Cute Caterpillars. In America, the friendly reputation of hairy caterpillars comes from the familiar, red and black, wooly bear caterpillar, forerunner of the Isabella moth. We’d gather them up, stage races on our bare arms, and mystically predict the length of winter by the width of their stripes. Not in Thailand. Think of the Thai varieties as grizzly bear caterpillars, with poisonous hairs instead of teeth. Welts swell, spread, burn, itch and drive you crazy. You may not even see the caterpillar that stung you. Some eject their hairs into the wind, which reportedly can kill a small dog. Treat them as you would a grizzly with cubs, or someone playing Britney Spears hits: Run away!
Absolutely do not touch this. Just don't touch anything !
Issan Cuisine. Issan is a large, flat, oven-like area in northeastern Thailand near Laos, where they eat most anything raw, and have to add things besides heat, to kill the germs and worms. When you see Issan food on a menu, Issan stands for “It’s Severely Spicy And Noxious.” A typical recipe must say, “Add the same number of hot peppers as you have added grains of rice.” If you survive eating one or two of these tiny Thai peppers, and want to remove the rest from your plate, do not use your fingers to pick them up, then rub your eyes and scratch your crotch. You’ll be blind, screaming, and your pubic hair will be on fire. And that’s just the beginning. You’ll soon be aware of other parts of your body, specifically, the entire food processing and exit tunnel. The next day you’ll be saying, “Where’s all that ice cream I ate? Send down the ice cream!”
Teflon Flip-flops. Most sandals are also coated with Teflon, so Thai folks can slip out of them in one quarter second, while prancing fluidly into one of the countless No Shoes Zones. Do not try this in public until you’ve had at least a decade of practice, alone at home. Remember: Thai people have this skill imbedded in their DNA and come out of the womb wearing flip-flops.

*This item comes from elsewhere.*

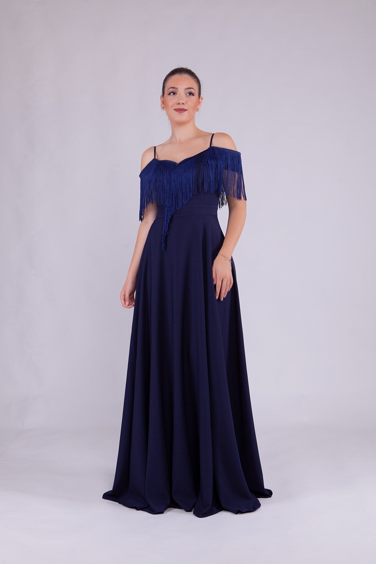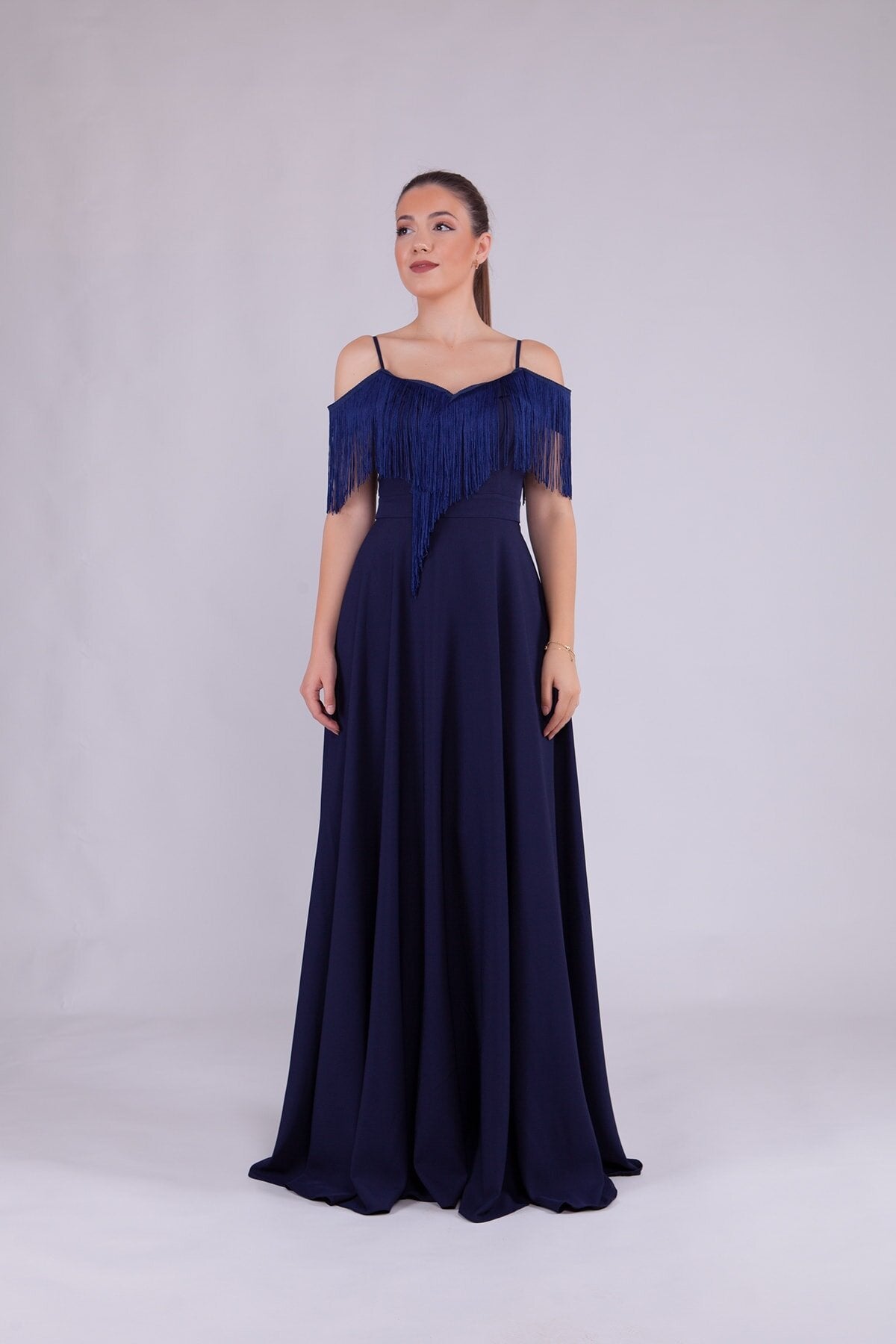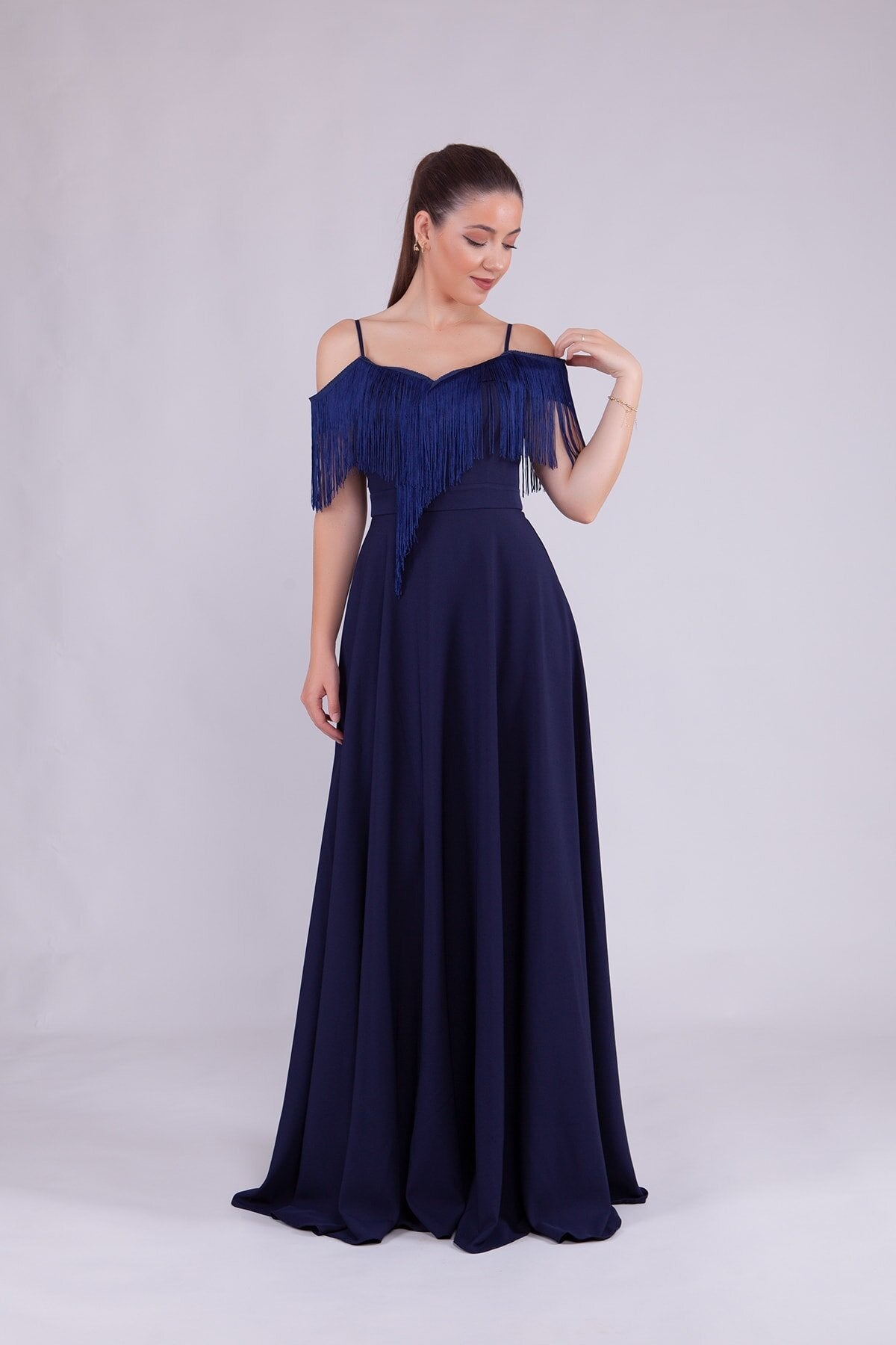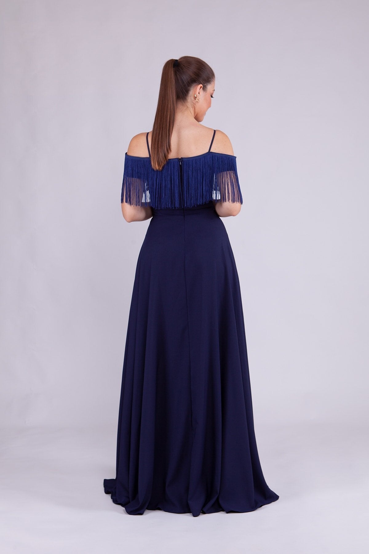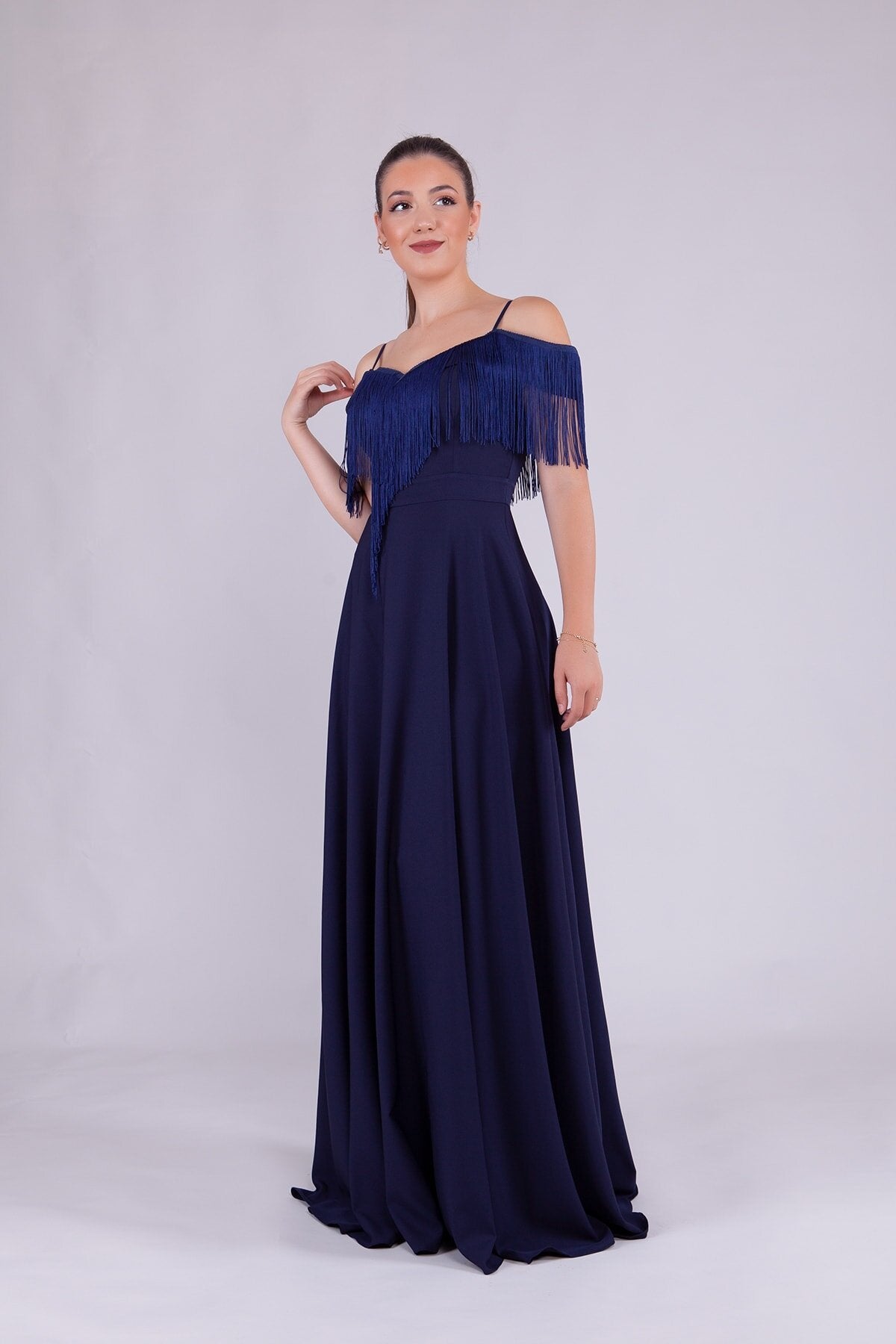 Long Boat Neck Tassel Detail Evening Dress - Navy Blue

User-loser Errors. Sometimes you can’t blame anyone, or anything, but yourself. A snow-white skinned friend from frozen Minnesota came to the islands during January. After a couple days he complained that his suntan lotion was weird, and more like sunburn lotion. He showed us the tube he’d bought here in Thailand, which said “30” on the label. He thought 30 was the SPF number, the Sun Protection Factor. It was actually the price, 30 baht, of the Thai shampoo he’d been spreading liberally on his body. Although his skin was the color of a burning ember – red underneath with a white coating – he was very, very clean.

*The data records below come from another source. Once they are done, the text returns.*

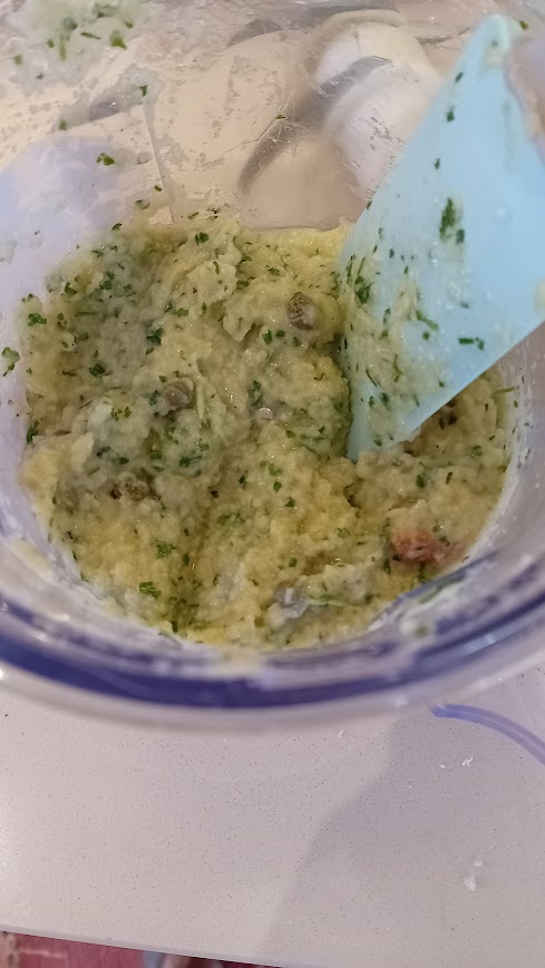 Tritate il tutto e solo ora aggiungete i capperi e mescolate accuratamente.
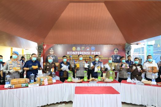 Total barang bukti yang berhasil disita antara lain sabu 7,9 kg, ganja 5,9 kg, ekstasi 5.551 butir, ketamin 47,3 kg, tramadol 145 ml, serta berbagai obat keras tanpa izin edar.
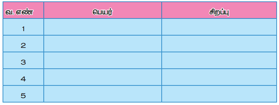 • நூலகத்திற்குச் சென்று வரலாற்று நூல்களைப் படித்து யாரேனும் ஐந்து அரசர்களின் பெயர்களையும், அவர்கள் செய்த நற்செயல்களையும் தெரிந்து கொண்டு அட்டவணையை நிரப்பி வருக
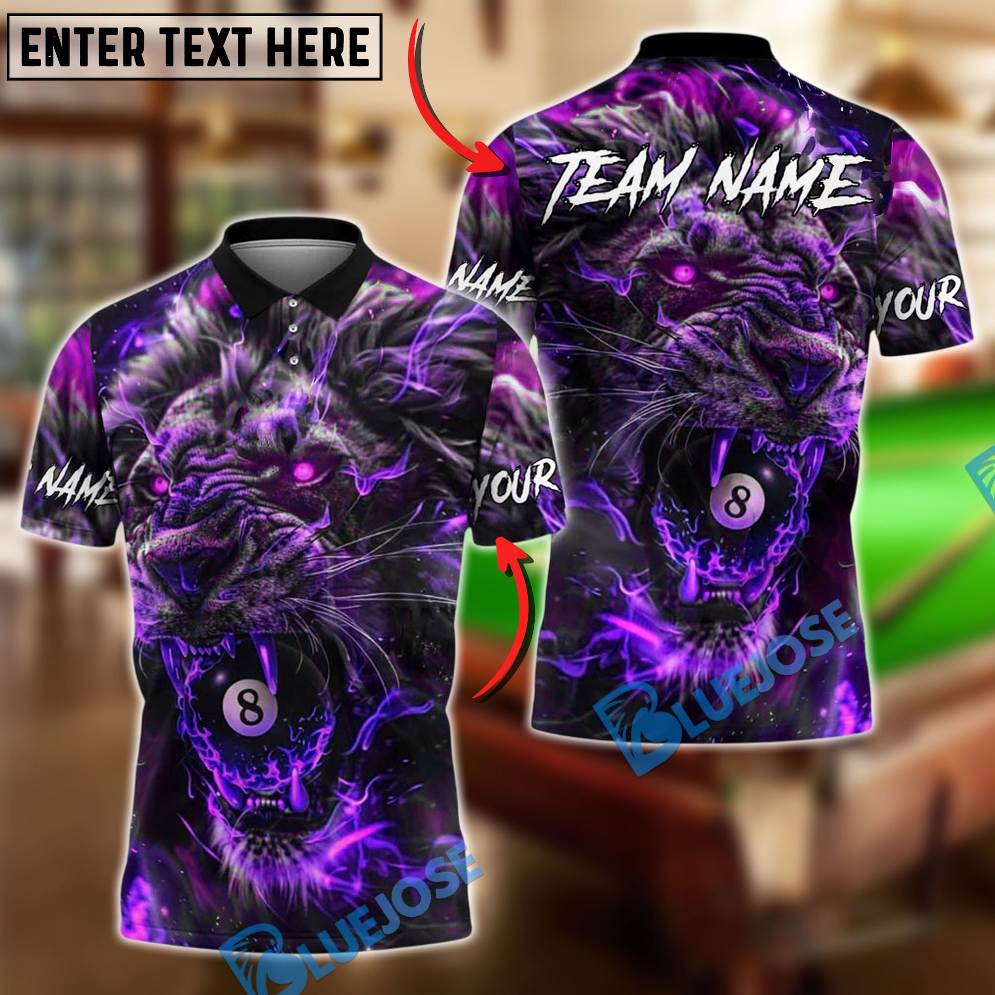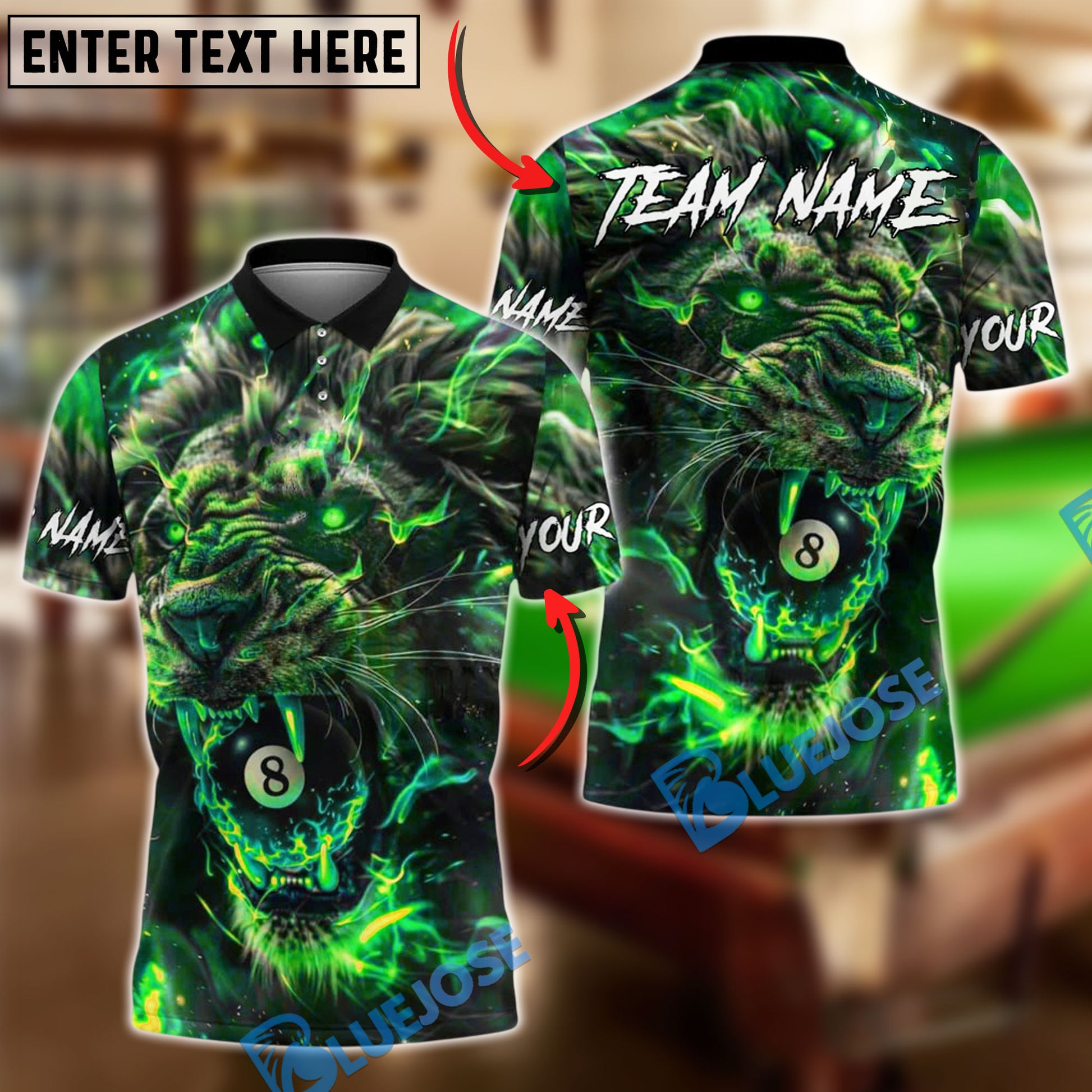 BlueJose Billiards 8 Ball Lion Fire Glow Personalized Name, Team Name Unisex Shirt (4 Colors)

It all comes together… or apart. Sunburned to a crisp, you sample an Issan dish from a street vendor to take your mind off the pain, but the peppers quickly become a bonfire on your tongue, which sends you scampering across the sidewalk to the snack store for a Coke to douse the flames. You prematurely try the Thai flip-flop removal flick, but the sandal caught on your lagging foot snags the uneven floor, launching you over the 103-year-old storeowner. While careening down the aisle in a useless attempt to right yourself, your flailing arms sweep goods off shelves and disrupt a family of hairy caterpillars, who eject a cloud of venomous hair into your nostrils, escalating your panic, causing you to crash through a rack of potato chips, and smack your skull on the low door frame. Life slows to snapshots as you lose consciousness, slip down Teflon tile into the split level toilet, grab a bare live wire for support, and finally collapse headfirst into the dark water trough, which looks like it’s used for baptizing rats. Game over, man.
Well, maybe not. It’s the Land of Smiles. Everyone is laughing and clapping. They want you to do it again.